Jukebox

Illustration: Ben Barry

Research

Jukebox

We’re introducing Jukebox, a neural net that generates music, including rudimentary singing, as raw audio in a variety of genres and artist styles. We’re releasing the model weights and code, along with a tool to explore the generated samples.

Curated samples

Provided with genre, artist, and lyrics as input, Jukebox outputs a new music sample produced from scratch. Below, we show some of our favorite samples.

To hear all uncurated samples, check out our sample explorer.

Explore all samples

Motivation and prior work

Automatic music generation dates back to more than half a century.[^reference-1][^reference-2][^reference-3][^reference-4] A prominent approach is to generate music symbolically in the form of a piano roll, which specifies the timing, pitch, velocity, and instrument of each note to be played. This has led to impressive results like producing Bach chorals,[^reference-5][^reference-6] polyphonic music with multiple instruments,[^reference-7][^reference-8][^reference-9] as well as minute long musical pieces.[^reference-10][^reference-11][^reference-12]

But symbolic generators have limitations—they cannot capture human voices or many of the more subtle timbres, dynamics, and expressivity that are essential to music. A different approach[^footnote-approach] is to model music directly as raw audio.[^reference-13][^reference-14][^reference-15][^reference-16] Generating music at the audio level is challenging since the sequences are very long.[^reference-17] A typical 4-minute song at CD quality (44 kHz, 16-bit) has over 10 million timesteps. For comparison, GPT-2 had 1,000 timesteps and OpenAI Five took tens of thousands of timesteps per game. Thus, to learn the high level semantics of music, a model would have to deal with extremely long-range dependencies.

One way of addressing the long input problem is to use an autoencoder that compresses raw audio to a lower-dimensional space by discarding some of the perceptually irrelevant bits of information. We can then train a model to generate audio in this compressed space, and upsample back to the raw audio space.[^reference-25][^reference-17]

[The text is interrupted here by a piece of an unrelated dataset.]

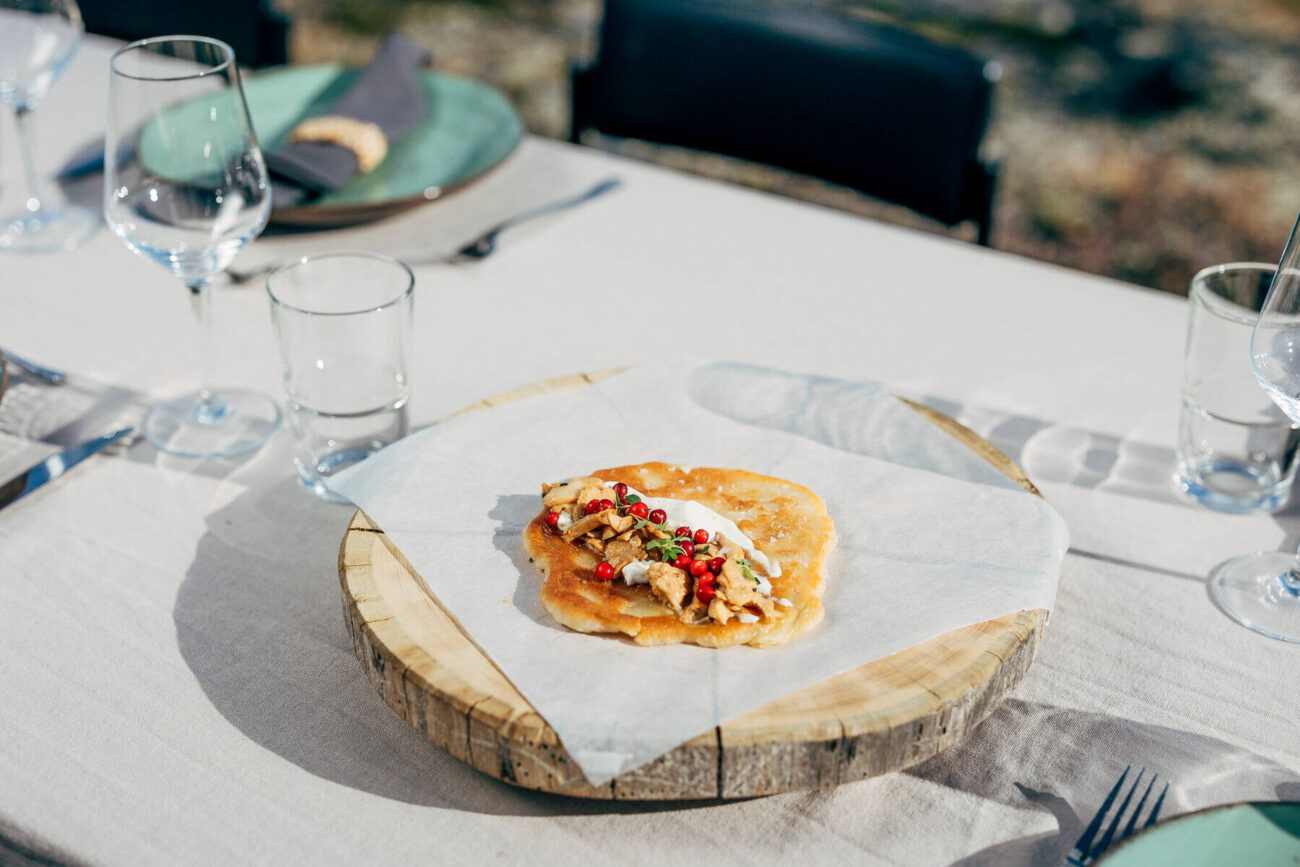 - Tarjoile leivät crème fraîchen, puolukoiden, voissa paistettujen sienien sekä tuoreen timjamin kanssa.
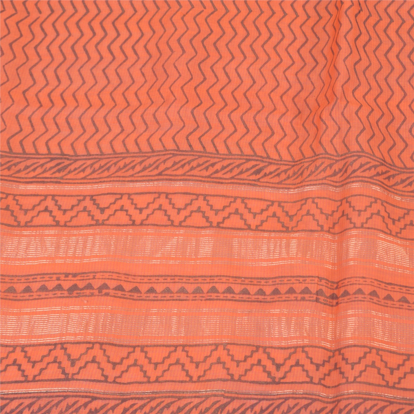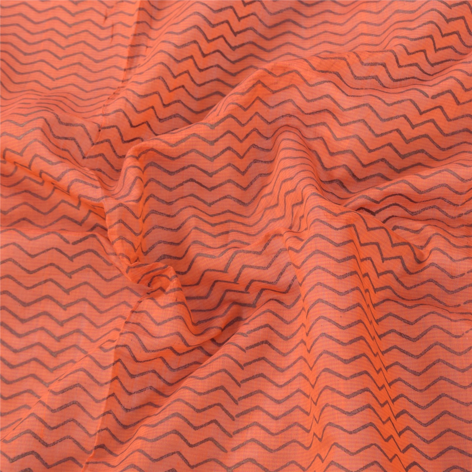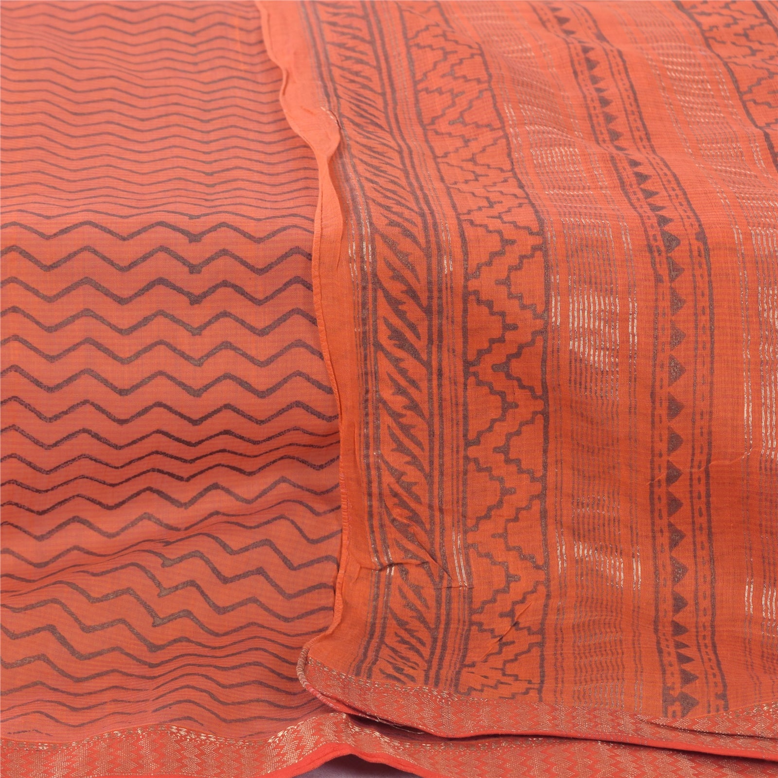 Санскрити Винтаж Длинный Дупатта/Палантин Чистый Хлопок Темно-Персиковый Печатный Шарф Вуаль

We chose to work on music because we want to continue to push the boundaries of generative models. Our previous work on MuseNet explored synthesizing music based on large amounts of MIDI data. Now in raw audio, our models must learn to tackle high diversity as well as very long range structure, and the raw audio domain is particularly unforgiving of errors in short, medium, or long term timing.

Raw audio 44.1k samples per second, where each sample is a float that represents the amplitude of sound at that moment in time
Encode using CNNs (convolutional neural networks)
Compressed audio 344 samples per second, where each sample is 1 of 2048 possible vocab tokens
Generate novel patterns from trained transformer conditioned on lyrics
Novel compressed audio 344 samples per second
Upsample using transformers and decode using CNNs
Novel raw audio 44.1k samples per second

Approach

Compressing music to discrete codes

Jukebox’s autoencoder model compresses audio to a discrete space, using a quantization-based approach called VQ-VAE.[^reference-25] Hierarchical VQ-VAEs[^reference-17] can generate short instrumental pieces from a few sets of instruments, however they suffer from hierarchy collapse due to use of successive encoders coupled with autoregressive decoders. A simplified variant called VQ-VAE-2[^reference-26] avoids these issues by using feedforward encoders and decoders only, and they show impressive results at generating high-fidelity images.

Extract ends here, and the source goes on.